I am fortunate enough to work with talented, fun, hard-working people I consider friends, but like all friends, some of them drive me a little insane. One of the worst is a guy who never listens to anything.

Coworker: “This program is a pain. How am I even supposed to [do a thing]?”

Me: “That’s weird. The tutorial covers that. Did it not display for you?”

Coworker: “I just clicked through it.”

Me: “Okay… Well, hit ‘enter’ to go to the menu.”

Coworker: *Sounding annoyed* “But how do I go to the menu?”

Me: *Pause* “Hit ‘enter.’”

Later, in an email:

Me: “Hey, [Coworker]! I’m working on a promo with [Client], just so you know. I’m going to rope in [Artist] to do the images for it.”

Coworker: “Have you thought about using [Exact Same Artist I Just Mentioned]?”

Me: “That was the second sentence of that email.”

Coworker: “Oh, well, I didn’t read that far.”

Even later-er:

Coworker: “Hey, what are we doing for our launch today?”

I email him a list of items.

Coworker: “But what about [very first item on the list, I’m not even kidding]?”

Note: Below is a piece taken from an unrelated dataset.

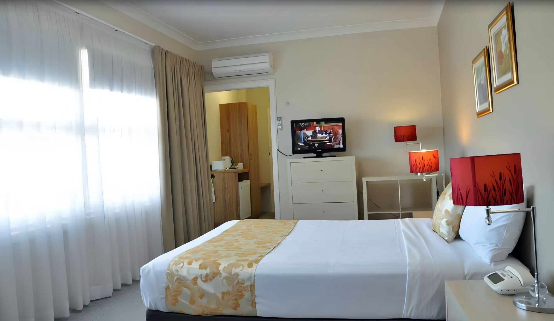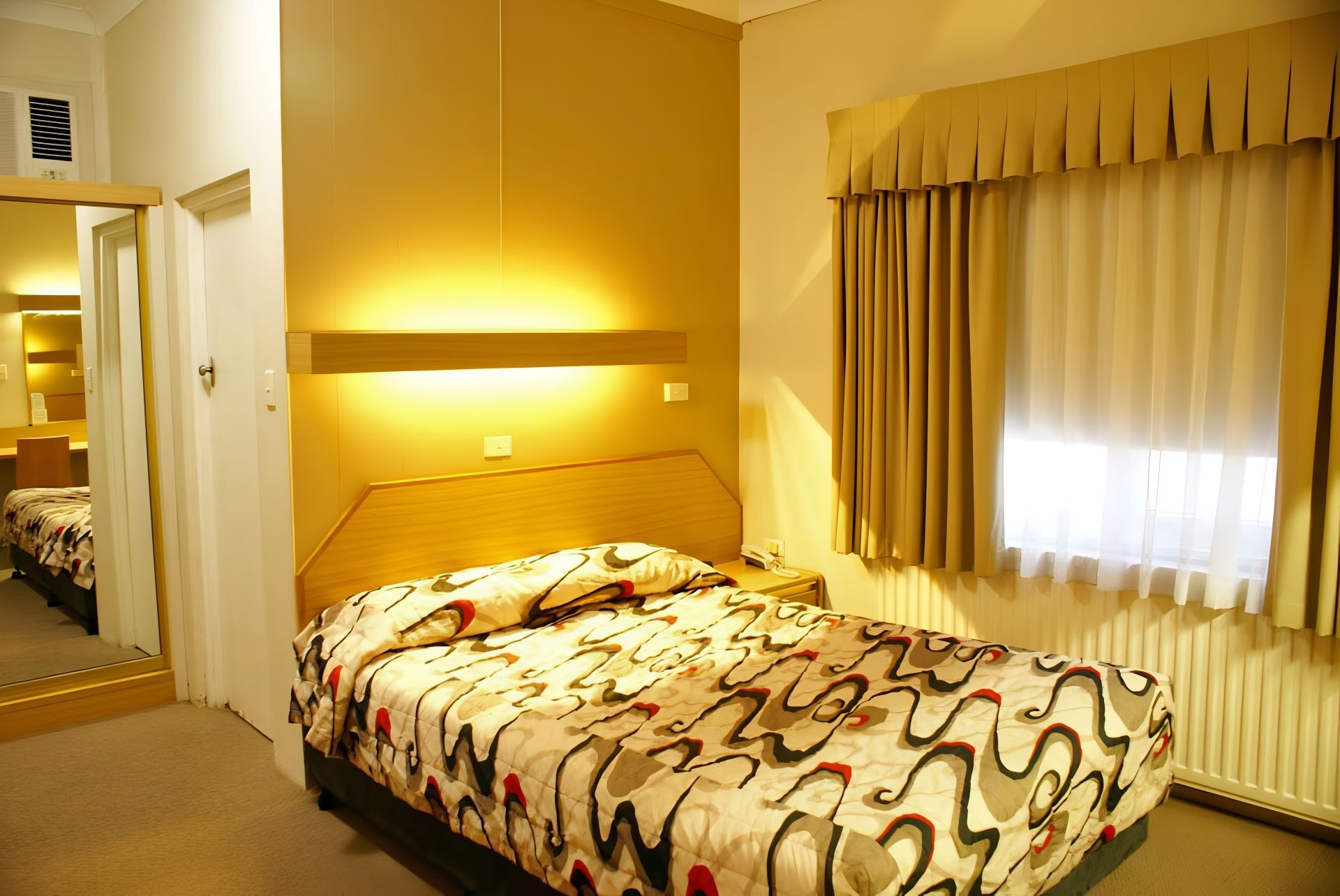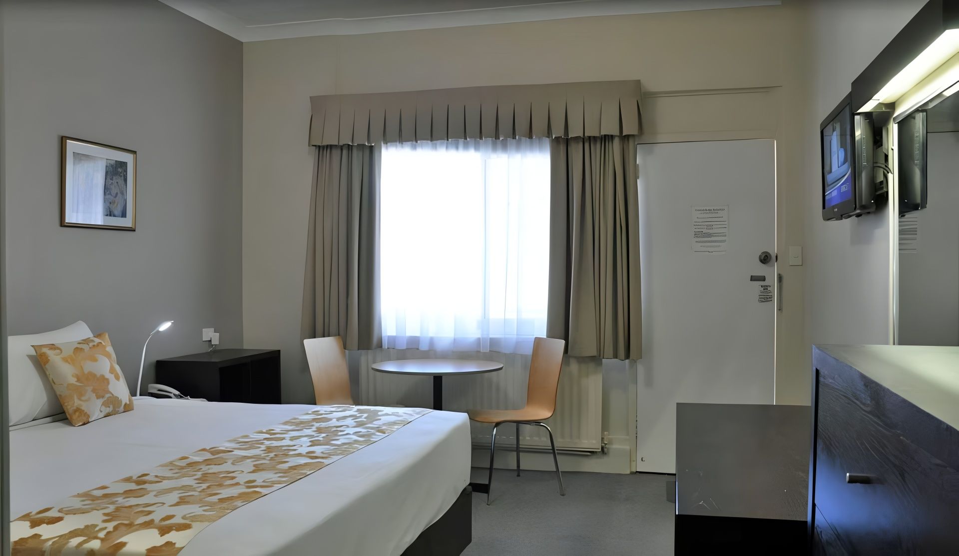 For 1 to 2 persons, non-smoking ground floor renovated room with luxury pillow top King bed, desk, small dining table, flat screen LCD TV, reverse cycle air conditioner. Next door to Panther league club, cinema, restaurants, museum, race track, CBD.

Me: “You’re lucky you’re my friend.”

He’s a great coworker and friend except for this, and it wouldn’t be an issue if it didn’t happen all the time, and if he wasn’t such a butt when the same thing happened to him.

Me: “I gave [Other Coworker] your new phone number.”

Coworker: “I gave it to him yesterday! I even wrote it down.”

Me: “I know; he couldn’t find the paper when he went to add you to his contacts.”

Coworker: “Ugh, I hate repeating myself! People need to pay more attention to the details.”

Sigh. Love you, buddy.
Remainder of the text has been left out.